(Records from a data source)
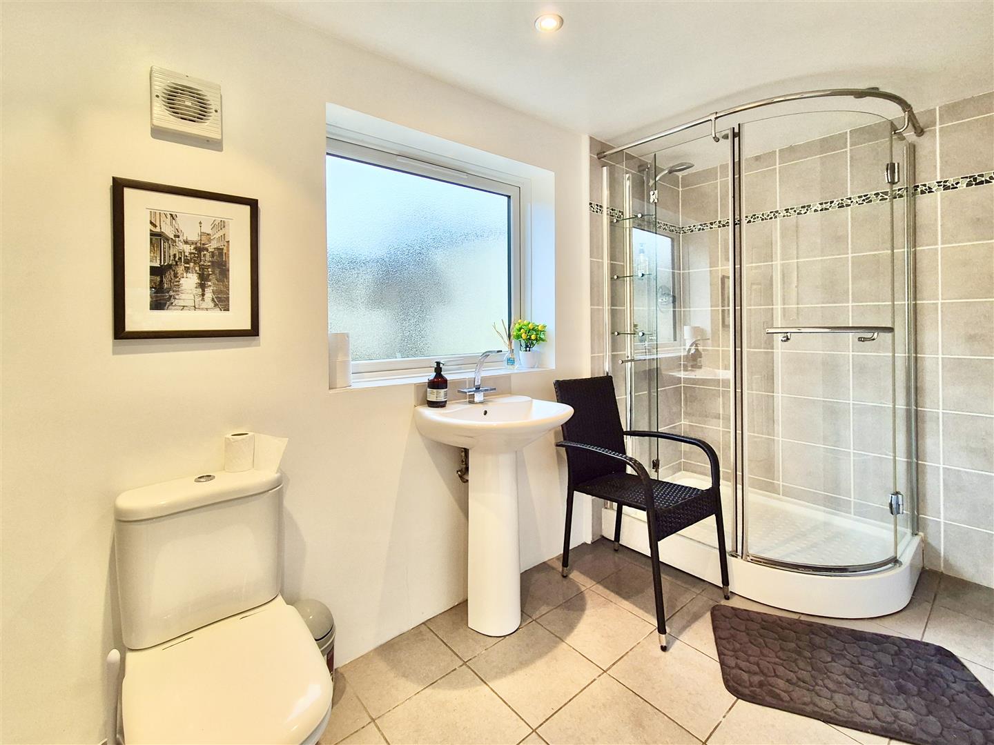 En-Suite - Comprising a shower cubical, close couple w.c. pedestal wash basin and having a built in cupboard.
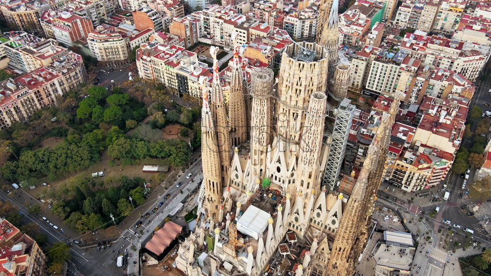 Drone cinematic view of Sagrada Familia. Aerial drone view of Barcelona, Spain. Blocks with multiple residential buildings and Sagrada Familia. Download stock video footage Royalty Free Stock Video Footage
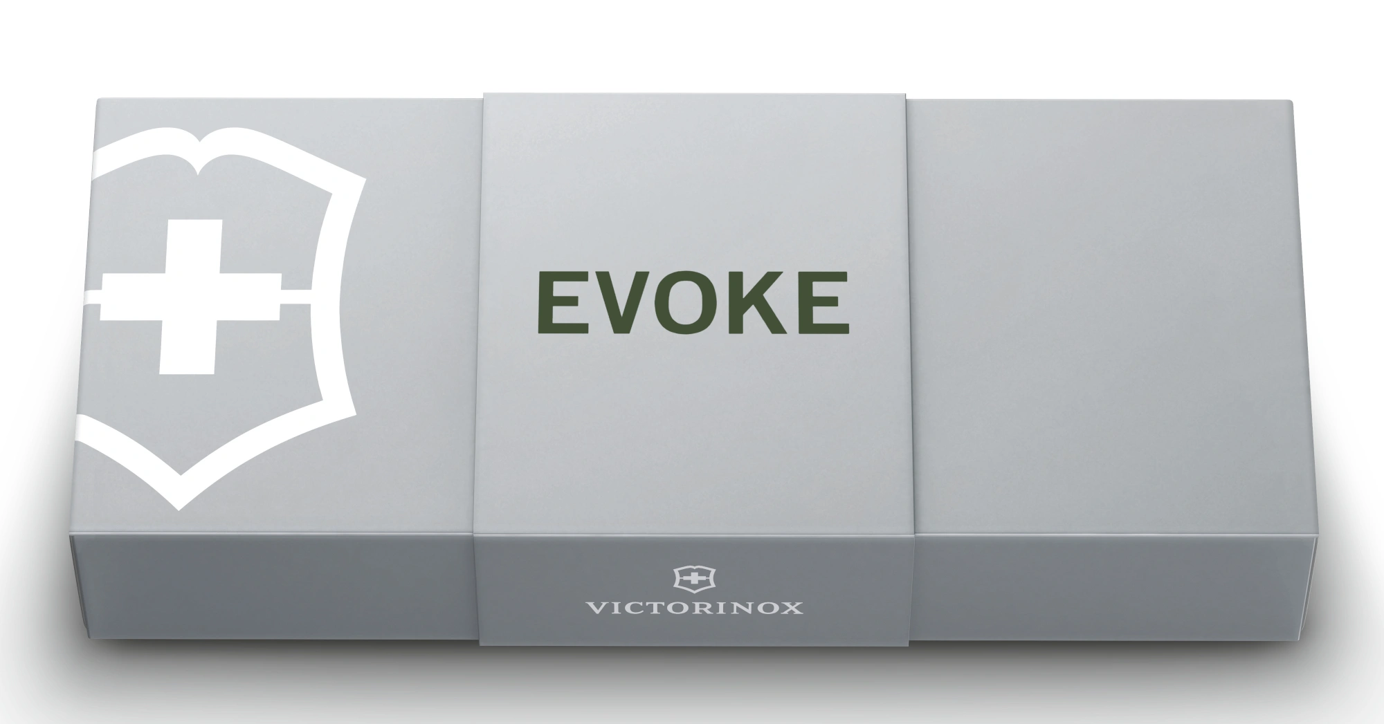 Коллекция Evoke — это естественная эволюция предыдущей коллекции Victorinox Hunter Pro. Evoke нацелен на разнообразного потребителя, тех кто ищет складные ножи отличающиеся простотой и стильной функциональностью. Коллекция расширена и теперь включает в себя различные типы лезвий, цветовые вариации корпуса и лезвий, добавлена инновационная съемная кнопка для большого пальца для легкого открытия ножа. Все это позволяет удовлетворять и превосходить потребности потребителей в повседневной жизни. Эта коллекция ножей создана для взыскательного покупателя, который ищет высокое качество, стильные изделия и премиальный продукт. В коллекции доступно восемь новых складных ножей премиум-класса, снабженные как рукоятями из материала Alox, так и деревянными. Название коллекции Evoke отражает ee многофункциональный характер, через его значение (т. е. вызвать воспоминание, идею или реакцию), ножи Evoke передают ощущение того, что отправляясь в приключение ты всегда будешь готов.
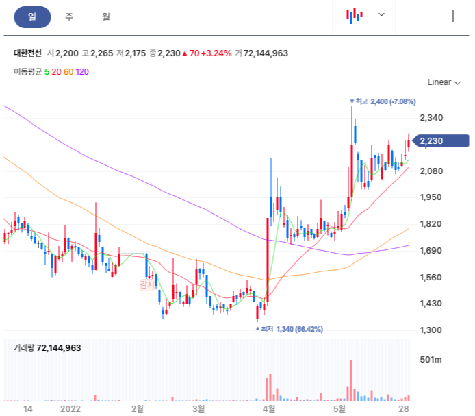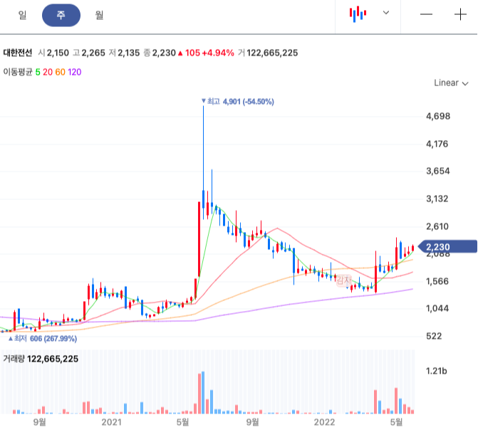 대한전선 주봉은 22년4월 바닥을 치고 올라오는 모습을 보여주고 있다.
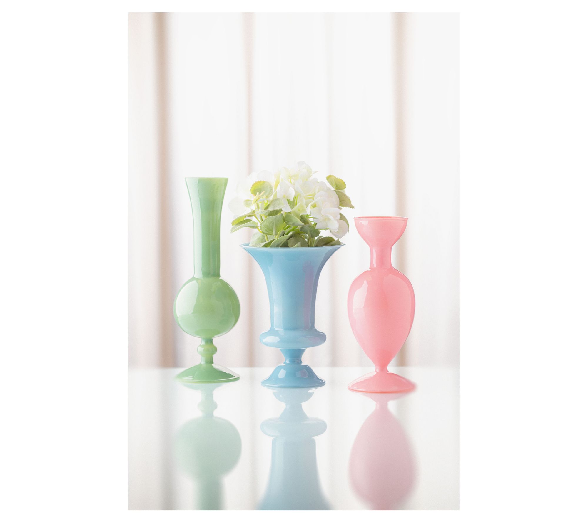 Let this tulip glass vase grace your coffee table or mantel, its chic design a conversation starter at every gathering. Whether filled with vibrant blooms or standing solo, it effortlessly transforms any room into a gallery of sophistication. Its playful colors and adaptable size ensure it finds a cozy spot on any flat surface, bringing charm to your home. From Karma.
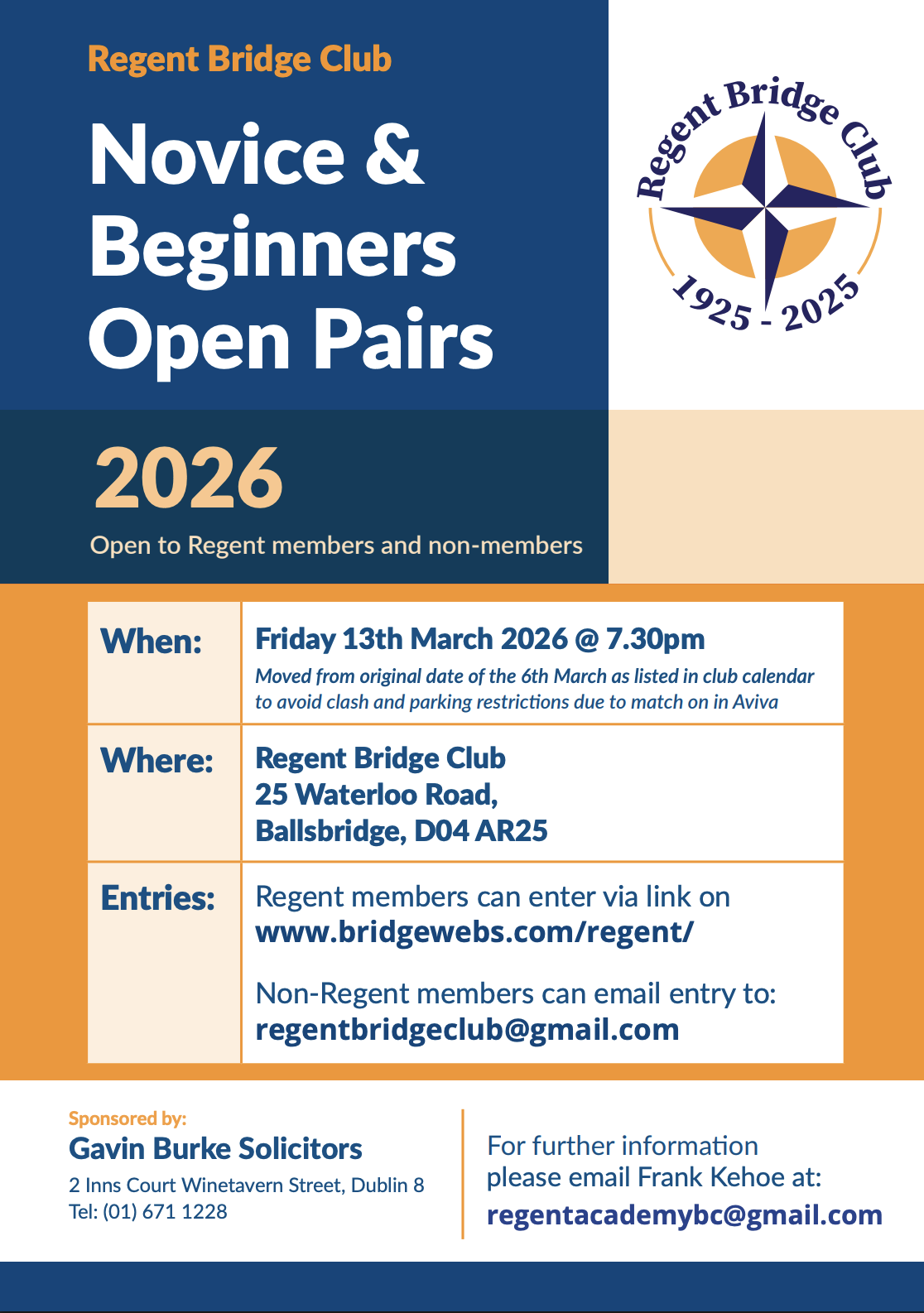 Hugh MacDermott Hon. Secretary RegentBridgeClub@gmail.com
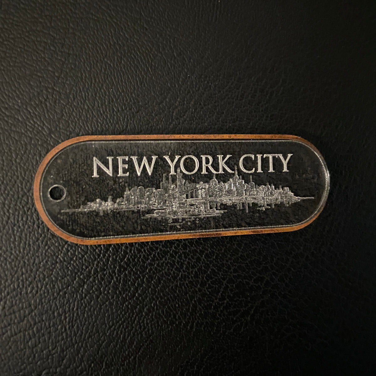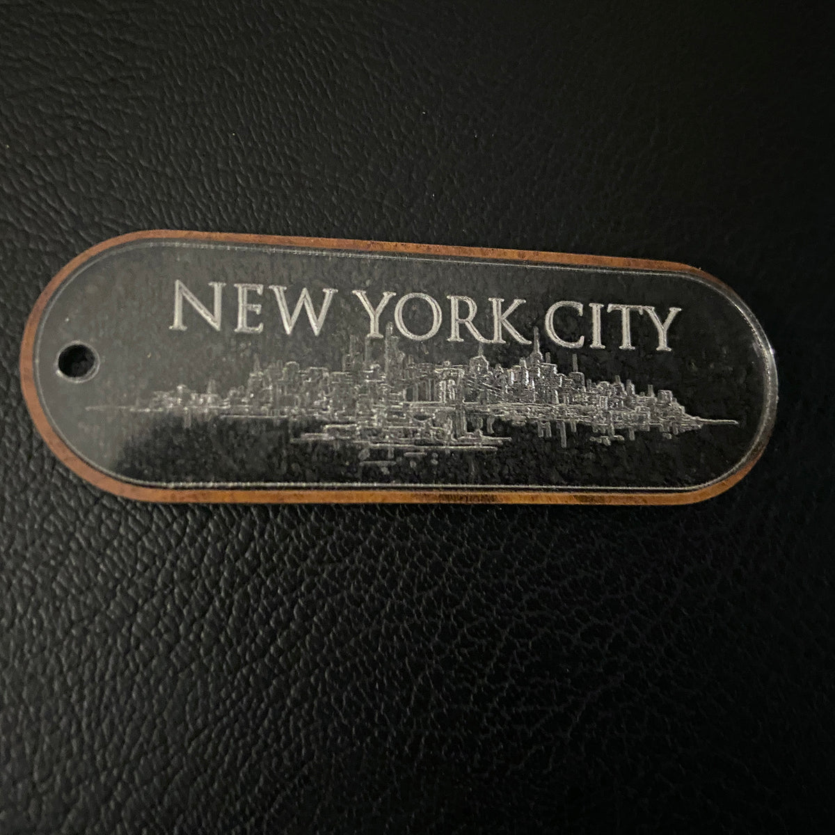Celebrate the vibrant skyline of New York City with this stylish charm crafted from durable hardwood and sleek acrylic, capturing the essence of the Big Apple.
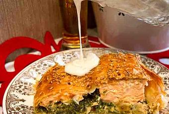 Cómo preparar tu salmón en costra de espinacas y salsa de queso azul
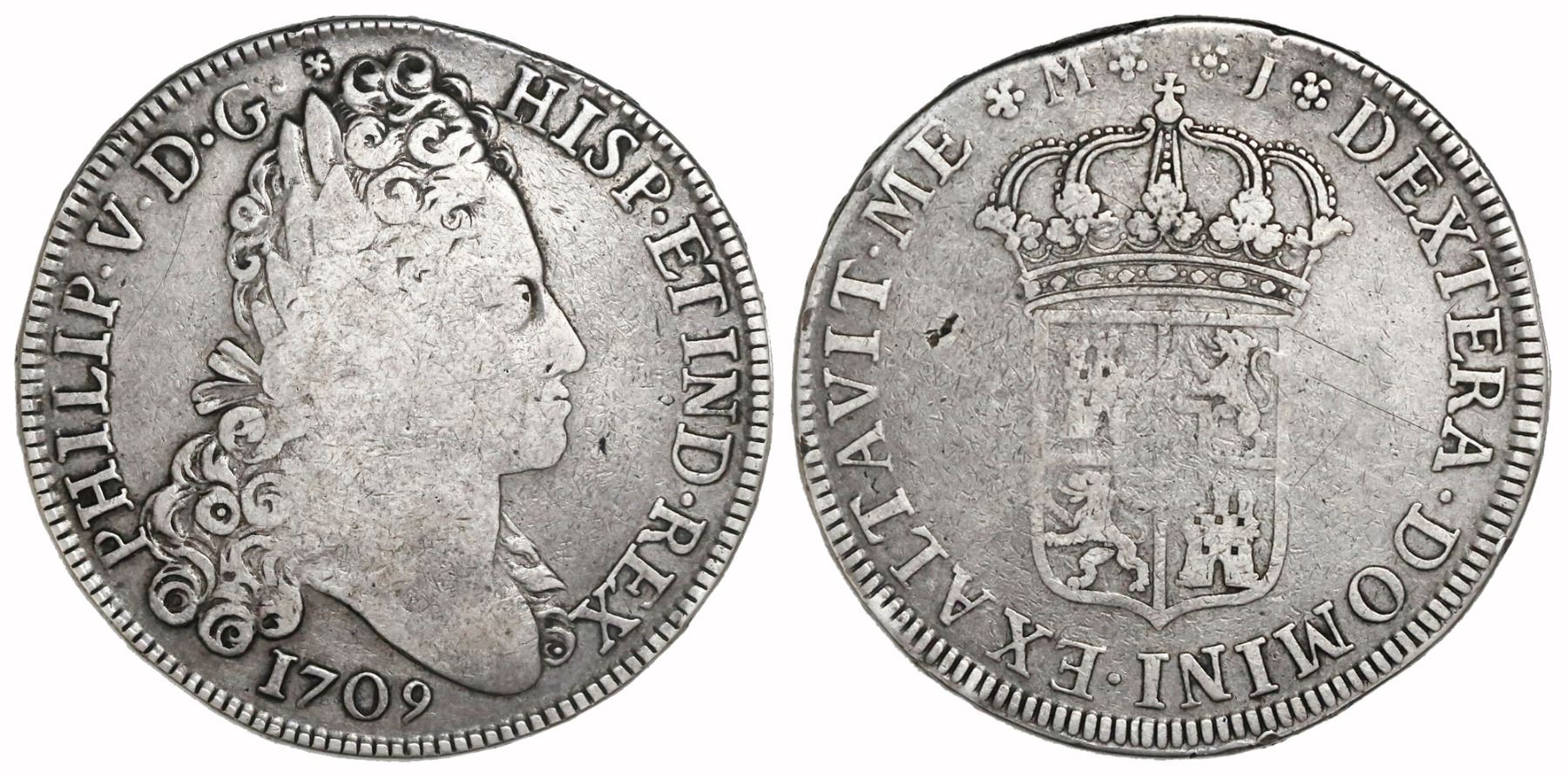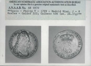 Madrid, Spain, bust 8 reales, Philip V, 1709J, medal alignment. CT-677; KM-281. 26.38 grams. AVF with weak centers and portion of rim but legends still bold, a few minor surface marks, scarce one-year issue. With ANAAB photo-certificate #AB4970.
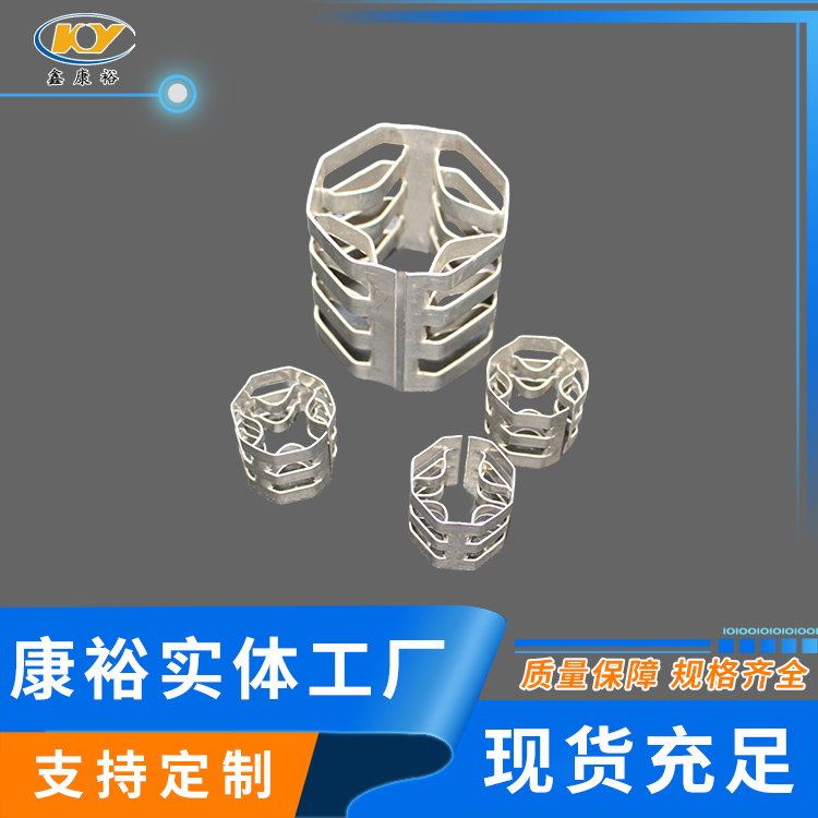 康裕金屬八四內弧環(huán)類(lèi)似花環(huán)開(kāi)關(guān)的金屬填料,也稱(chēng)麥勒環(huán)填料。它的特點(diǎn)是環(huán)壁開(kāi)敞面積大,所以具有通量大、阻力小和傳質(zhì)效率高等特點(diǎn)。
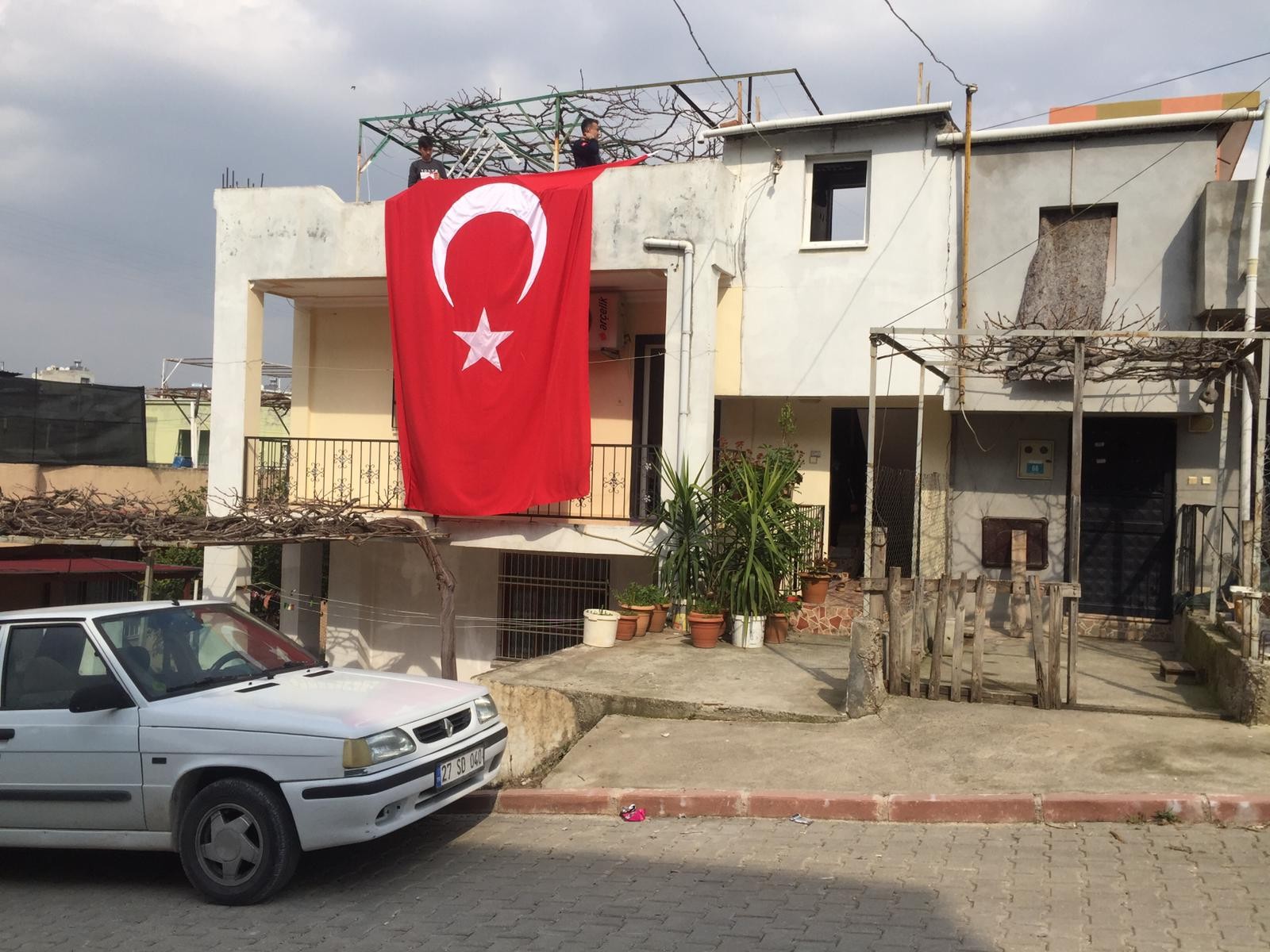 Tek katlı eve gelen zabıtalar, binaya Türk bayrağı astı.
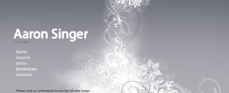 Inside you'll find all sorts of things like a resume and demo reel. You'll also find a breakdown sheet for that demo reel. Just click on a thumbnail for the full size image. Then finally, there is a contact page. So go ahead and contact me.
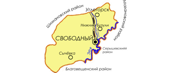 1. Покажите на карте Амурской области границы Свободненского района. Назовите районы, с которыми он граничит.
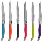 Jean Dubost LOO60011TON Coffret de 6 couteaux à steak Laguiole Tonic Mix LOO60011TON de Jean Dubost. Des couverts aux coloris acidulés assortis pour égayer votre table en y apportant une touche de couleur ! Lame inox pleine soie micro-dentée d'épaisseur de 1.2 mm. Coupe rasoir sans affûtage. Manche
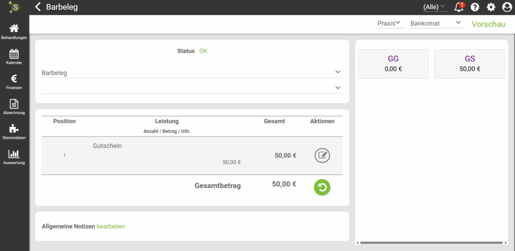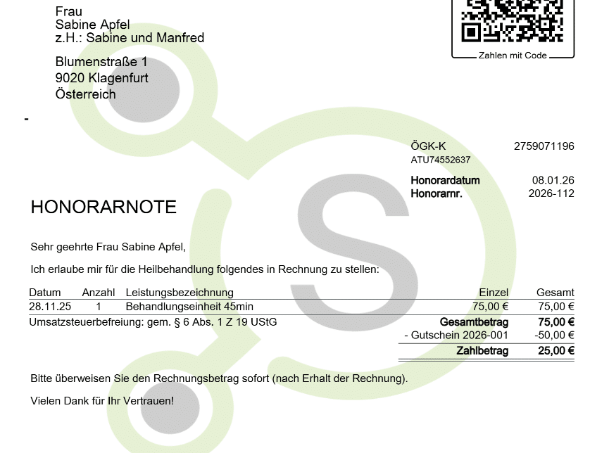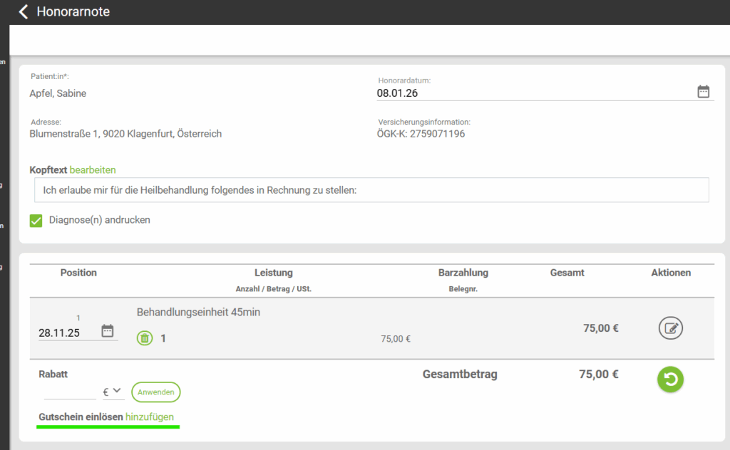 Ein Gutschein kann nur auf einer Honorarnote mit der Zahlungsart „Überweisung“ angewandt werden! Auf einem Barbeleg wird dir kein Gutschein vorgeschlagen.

§ What is needed
Return the line containing "Madrid, Spain, bust" and every line after it through the end of the records above, exactly and nothing else, but not the pictures.

§ Reply to the exercise
 Madrid, Spain, bust 8 reales, Philip V, 1709J, medal alignment. CT-677; KM-281. 26.38 grams. AVF with weak centers and portion of rim but legends still bold, a few minor surface marks, scarce one-year issue. With ANAAB photo-certificate #AB4970.
 康裕金屬八四內弧環(huán)類(lèi)似花環(huán)開(kāi)關(guān)的金屬填料,也稱(chēng)麥勒環(huán)填料。它的特點(diǎn)是環(huán)壁開(kāi)敞面積大,所以具有通量大、阻力小和傳質(zhì)效率高等特點(diǎn)。
 Tek katlı eve gelen zabıtalar, binaya Türk bayrağı astı.
 Inside you'll find all sorts of things like a resume and demo reel. You'll also find a breakdown sheet for that demo reel. Just click on a thumbnail for the full size image. Then finally, there is a contact page. So go ahead and contact me.
 1. Покажите на карте Амурской области границы Свободненского района. Назовите районы, с которыми он граничит.
 Jean Dubost LOO60011TON Coffret de 6 couteaux à steak Laguiole Tonic Mix LOO60011TON de Jean Dubost. Des couverts aux coloris acidulés assortis pour égayer votre table en y apportant une touche de couleur ! Lame inox pleine soie micro-dentée d'épaisseur de 1.2 mm. Coupe rasoir sans affûtage. Manche
 Ein Gutschein kann nur auf einer Honorarnote mit der Zahlungsart „Überweisung“ angewandt werden! Auf einem Barbeleg wird dir kein Gutschein vorgeschlagen.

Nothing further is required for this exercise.